▼

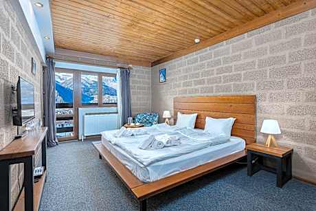 Great care is taken to ensure guests experience comfort through top-notch services and amenities. Stay connected with your associates, as complimentary Wi-Fi is available during your entire visit.To facilitate your arrival and departure, you can pre-book airport transfer services prior to checking in. The hotel offers taxi amenities to assist you in discovering your desired offerings in Kazbegi.When arriving by car, you'll be grateful for the on-site complimentary parking at hotel.The hotel offers reception amenities including express check-in or check-out and luggage storage to ensure a comfortable stay for guests.Should you require it, the tours can even assist you in booking tickets and securing reservations for the finest shows and events in the vicinity.The hotel also features a fireplace, providing a cozy ambience during cool evenings.The hotel's daily housekeeping ensures an excellent option for your stay.Smoking is permitted solely in the specified smoking zones allocated by hotel. In order to ensure the utmost level of relaxation, the guestrooms feature an inviting design and are equipped with all basic necessities, creating a delightful stay experience.To ensure your satisfaction, certain rooms in the hotel come fitted with linen service for a more pleasant stay.Selected rooms offer in-room amusement like television as a source of entertainment for guests to enjoy. Within specific rooms, bottled water, a coffee or tea maker, instant coffee and instant tea is conveniently available for your use.Understanding the significance of bathroom facilities in enhancing visitor contentment, hotel offers a hair dryer, toiletries and bathrobes within a few chosen chambers. Start your day stress-free at Alpine Lounge Kazbegi as breakfast is made available for you on the premises. Various excellent meal offerings at hotel ensure that enticing and easily accessible options are constantly available.Upon your arrival, don't miss experiencing bar for enjoyable in-house evening entertainment.Throughout the day, engage in the entertaining activities available at Alpine Lounge Kazbegi.Experience the perfection of your winter getaway with ski slopes offered to enhance your stay.Unwind and conclude each day delightfully by stopping by steam room and sauna, ensuring a soothing experience. License Number(s): 405057655
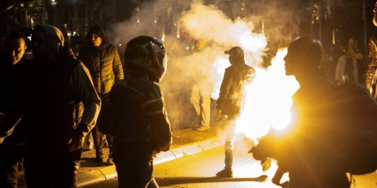 Dita e parë e protestës së saj u zhvillua në atmosferë tensioni. Mes dy palëve fluturonin shishe, pjesë të gardhit metalik dhe mjete piroteknike, ndërsa nga “Qacilandi” dëgjoheshin këngë nacionaliste. Në atë anë ndodhej edhe Novkoviqi.
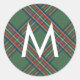 Pegatina Redonda Monograma de Green Tartan Plaid
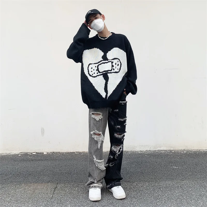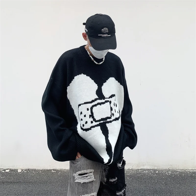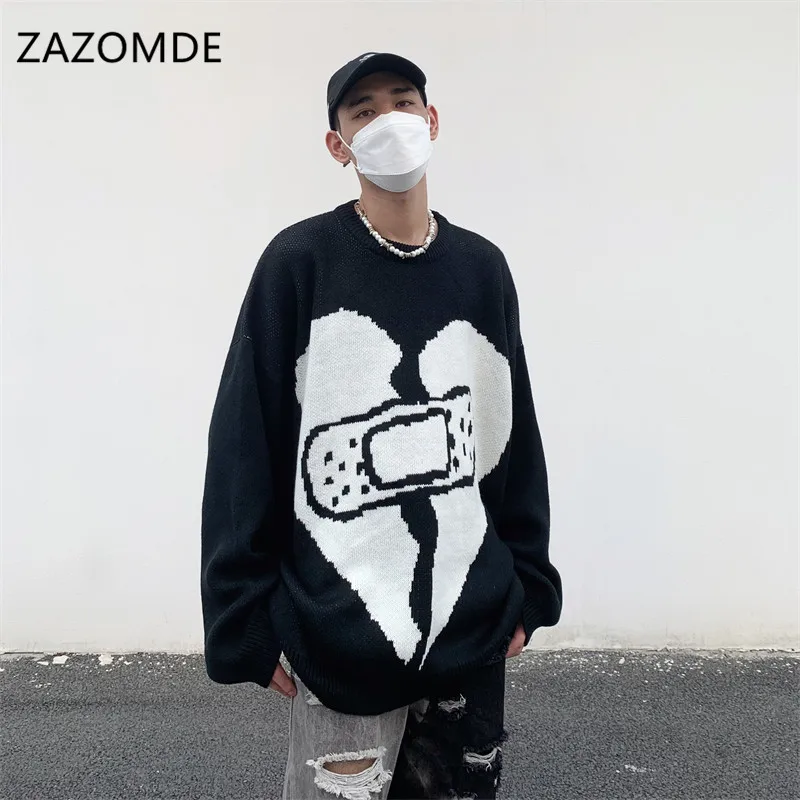 Свитер ZAZOMDE в уличном стиле, вязаный пуловер с длинным рукавом, зимний свитер с круглым вырезом, вязаный свитер в стиле хип-хоп, мужской черный свитер, пуловеры
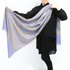 うっとりするようなやわらかさと、ほのかな光沢が魅力のパシュミナ素材。極上素材をさらりとまとう、煌めき仕立ての高級ストールです。
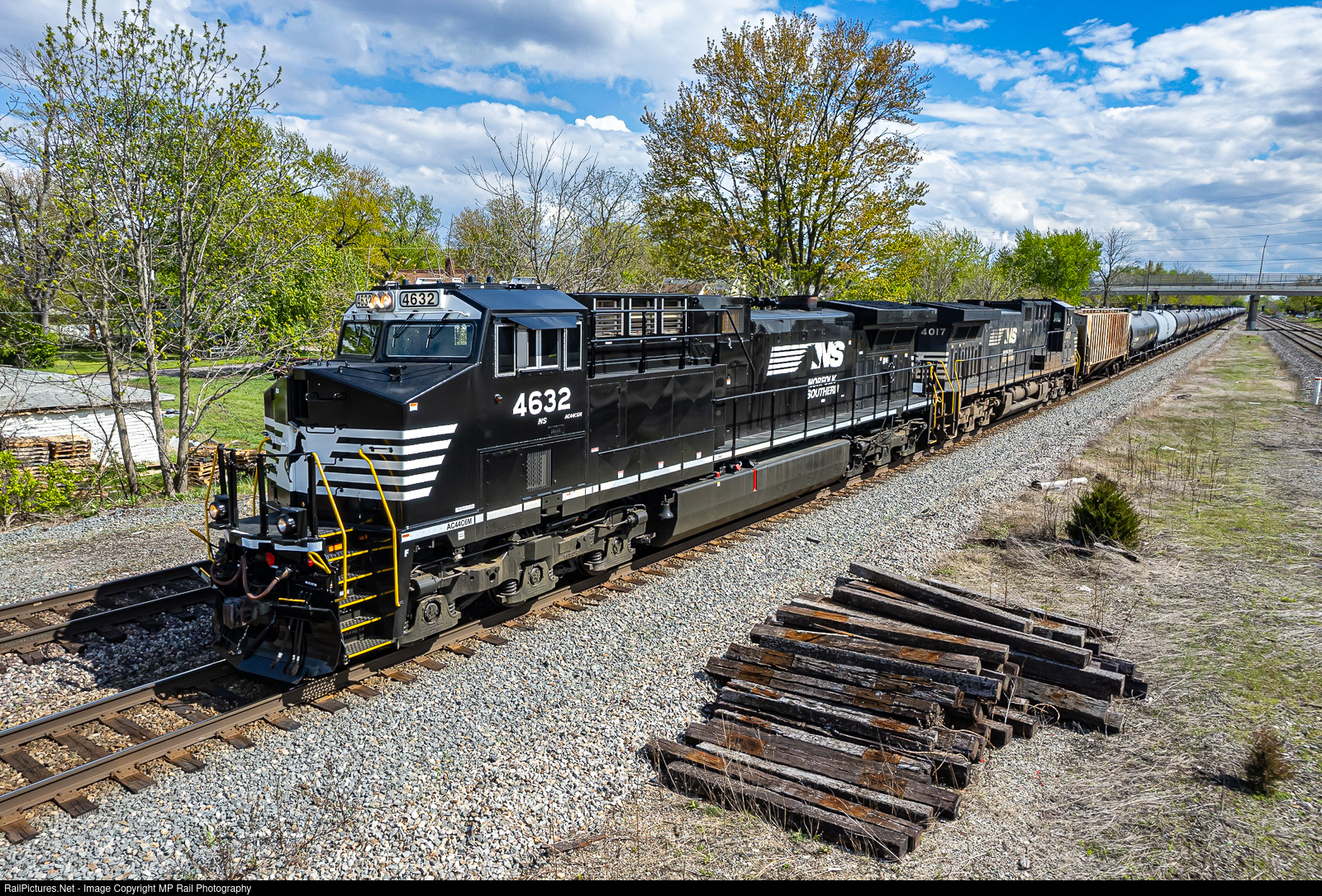 NS 4632, with less than a month in service, leads a tank train through Marion on the NS Sandusky District.
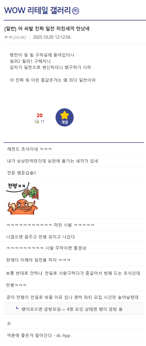 리치왕 처음 잡겠다고 리치왕에만 8시간 슈킹 했을때는 진짜 ㅋㅋㅋㅋ | 25.10.22 12:12 | | |
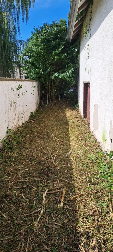 Hier sehen Sie im linken Bild eine verwucherte Grünfläche und rechts das Endergebnis.
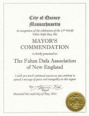 【明慧网二零一二年五月十日】为庆祝即将来临的第十三届世界法轮大法日,美国麻州昆西市市长托马斯·寇奇(Thomas Koch)颁发褒奖,并祝愿新英格兰法轮大法学会继续在本地区传播和平信息并不断取得成功。
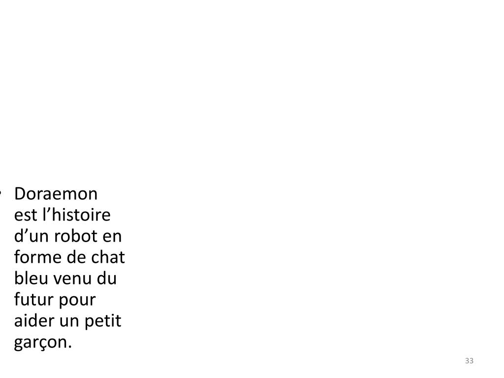 Doraemon est l’histoire d’un robot en forme de chat bleu venu du futur pour aider un petit garçon.
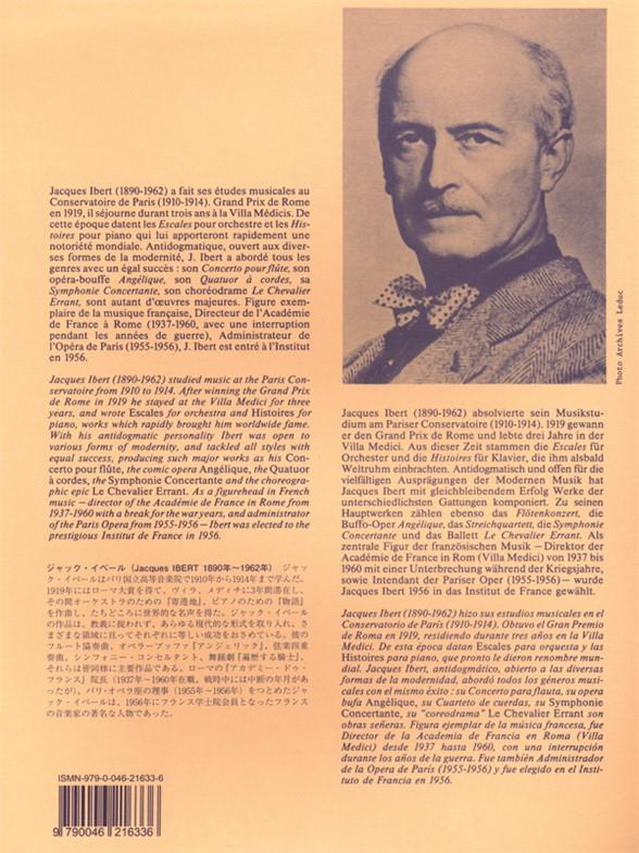 Jacques Ibert (1890-1962) studied at the Paris Conservatoire before embarking upon a successful composing career. The film Don Quichotte increased his popularity when he composed the musical score in 1933. Controversially, the producers of Don Quichotte asked five composers separately to compose songs for the film. Each composer thought only he had been approached, and when Ibert 's music was eventually chosen for the film, it caused him some embarrassment as Maurice Ravel, who had also been approached, was a close friend of his. Chanson de la Mort comes toward the end of the film, when the main character, Don Quichotte, receives a great shock and dies. Addressing avariety of musical aspects and techniques, Ibert 's Chanson de la Mort is a challenging yet evocative addition to the Bass repertoire.
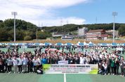 서현일보 한예원 기자 | 이상일 용인특례시장은 21일 용인미르스타디움 보조경기장에서 열린 ‘2025 처인구민 한마음체육대회’에 참석했다. 이날 대회엔 이상일 시장을 비롯해 처인구 13개 읍면동 선수단과 주민 등 1000여 명이 참석했다. 이 시장은 대회 개회식에서 생활체육 활성화하는 데 이바지한 주민 13명에게 시장 표창을 수여하고, 행사장에 마련된 13개 읍면동을 돌며 대회에 참가한 선수단과 주민들과 소통하는 시간을 가졌다. 이 시장이 이날 4시간 이상 행사장에 머물며 시민들과 인사하고 대화를 나눴다. 이상일 시장은 축사를 통해 ”처인구민들이 오랜만에 한자리에 모여서 친목을 다지고, 여러 운동종목을 통해 건강도 증진하는 체육대회가 열리게 된 것을 진심으로 축하드린다“며 ”멋진 승부를 벌이시고 행복한 시간 많이 보내시기 바란다“고 말했다. 이 시장은 ”2040년 도시기본계획에서 용인시 인구는 152만 명까지 늘어날 것으로 추정됐고, 그중 처인구 인구는 50만 명이 넘을 것으로 전망된다“며 ”이같은 전망에 따라 시는 처인구 교통망과 교육시설, 문화‧체육시설 등의 확충을 위해 노력하고 있다“고 했다.

▲

Work to complete> Repeat the material above in full and exactly, omitting the pictures.

Reply to the exercise>
 Great care is taken to ensure guests experience comfort through top-notch services and amenities. Stay connected with your associates, as complimentary Wi-Fi is available during your entire visit.To facilitate your arrival and departure, you can pre-book airport transfer services prior to checking in. The hotel offers taxi amenities to assist you in discovering your desired offerings in Kazbegi.When arriving by car, you'll be grateful for the on-site complimentary parking at hotel.The hotel offers reception amenities including express check-in or check-out and luggage storage to ensure a comfortable stay for guests.Should you require it, the tours can even assist you in booking tickets and securing reservations for the finest shows and events in the vicinity.The hotel also features a fireplace, providing a cozy ambience during cool evenings.The hotel's daily housekeeping ensures an excellent option for your stay.Smoking is permitted solely in the specified smoking zones allocated by hotel. In order to ensure the utmost level of relaxation, the guestrooms feature an inviting design and are equipped with all basic necessities, creating a delightful stay experience.To ensure your satisfaction, certain rooms in the hotel come fitted with linen service for a more pleasant stay.Selected rooms offer in-room amusement like television as a source of entertainment for guests to enjoy. Within specific rooms, bottled water, a coffee or tea maker, instant coffee and instant tea is conveniently available for your use.Understanding the significance of bathroom facilities in enhancing visitor contentment, hotel offers a hair dryer, toiletries and bathrobes within a few chosen chambers. Start your day stress-free at Alpine Lounge Kazbegi as breakfast is made available for you on the premises. Various excellent meal offerings at hotel ensure that enticing and easily accessible options are constantly available.Upon your arrival, don't miss experiencing bar for enjoyable in-house evening entertainment.Throughout the day, engage in the entertaining activities available at Alpine Lounge Kazbegi.Experience the perfection of your winter getaway with ski slopes offered to enhance your stay.Unwind and conclude each day delightfully by stopping by steam room and sauna, ensuring a soothing experience. License Number(s): 405057655
 Dita e parë e protestës së saj u zhvillua në atmosferë tensioni. Mes dy palëve fluturonin shishe, pjesë të gardhit metalik dhe mjete piroteknike, ndërsa nga “Qacilandi” dëgjoheshin këngë nacionaliste. Në atë anë ndodhej edhe Novkoviqi.
 Pegatina Redonda Monograma de Green Tartan Plaid
 Свитер ZAZOMDE в уличном стиле, вязаный пуловер с длинным рукавом, зимний свитер с круглым вырезом, вязаный свитер в стиле хип-хоп, мужской черный свитер, пуловеры
 うっとりするようなやわらかさと、ほのかな光沢が魅力のパシュミナ素材。極上素材をさらりとまとう、煌めき仕立ての高級ストールです。
 NS 4632, with less than a month in service, leads a tank train through Marion on the NS Sandusky District.
 리치왕 처음 잡겠다고 리치왕에만 8시간 슈킹 했을때는 진짜 ㅋㅋㅋㅋ | 25.10.22 12:12 | | |
 Hier sehen Sie im linken Bild eine verwucherte Grünfläche und rechts das Endergebnis.
 【明慧网二零一二年五月十日】为庆祝即将来临的第十三届世界法轮大法日,美国麻州昆西市市长托马斯·寇奇(Thomas Koch)颁发褒奖,并祝愿新英格兰法轮大法学会继续在本地区传播和平信息并不断取得成功。
 Doraemon est l’histoire d’un robot en forme de chat bleu venu du futur pour aider un petit garçon.
 Jacques Ibert (1890-1962) studied at the Paris Conservatoire before embarking upon a successful composing career. The film Don Quichotte increased his popularity when he composed the musical score in 1933. Controversially, the producers of Don Quichotte asked five composers separately to compose songs for the film. Each composer thought only he had been approached, and when Ibert 's music was eventually chosen for the film, it caused him some embarrassment as Maurice Ravel, who had also been approached, was a close friend of his. Chanson de la Mort comes toward the end of the film, when the main character, Don Quichotte, receives a great shock and dies. Addressing avariety of musical aspects and techniques, Ibert 's Chanson de la Mort is a challenging yet evocative addition to the Bass repertoire.
 서현일보 한예원 기자 | 이상일 용인특례시장은 21일 용인미르스타디움 보조경기장에서 열린 ‘2025 처인구민 한마음체육대회’에 참석했다. 이날 대회엔 이상일 시장을 비롯해 처인구 13개 읍면동 선수단과 주민 등 1000여 명이 참석했다. 이 시장은 대회 개회식에서 생활체육 활성화하는 데 이바지한 주민 13명에게 시장 표창을 수여하고, 행사장에 마련된 13개 읍면동을 돌며 대회에 참가한 선수단과 주민들과 소통하는 시간을 가졌다. 이 시장이 이날 4시간 이상 행사장에 머물며 시민들과 인사하고 대화를 나눴다. 이상일 시장은 축사를 통해 ”처인구민들이 오랜만에 한자리에 모여서 친목을 다지고, 여러 운동종목을 통해 건강도 증진하는 체육대회가 열리게 된 것을 진심으로 축하드린다“며 ”멋진 승부를 벌이시고 행복한 시간 많이 보내시기 바란다“고 말했다. 이 시장은 ”2040년 도시기본계획에서 용인시 인구는 152만 명까지 늘어날 것으로 추정됐고, 그중 처인구 인구는 50만 명이 넘을 것으로 전망된다“며 ”이같은 전망에 따라 시는 처인구 교통망과 교육시설, 문화‧체육시설 등의 확충을 위해 노력하고 있다“고 했다.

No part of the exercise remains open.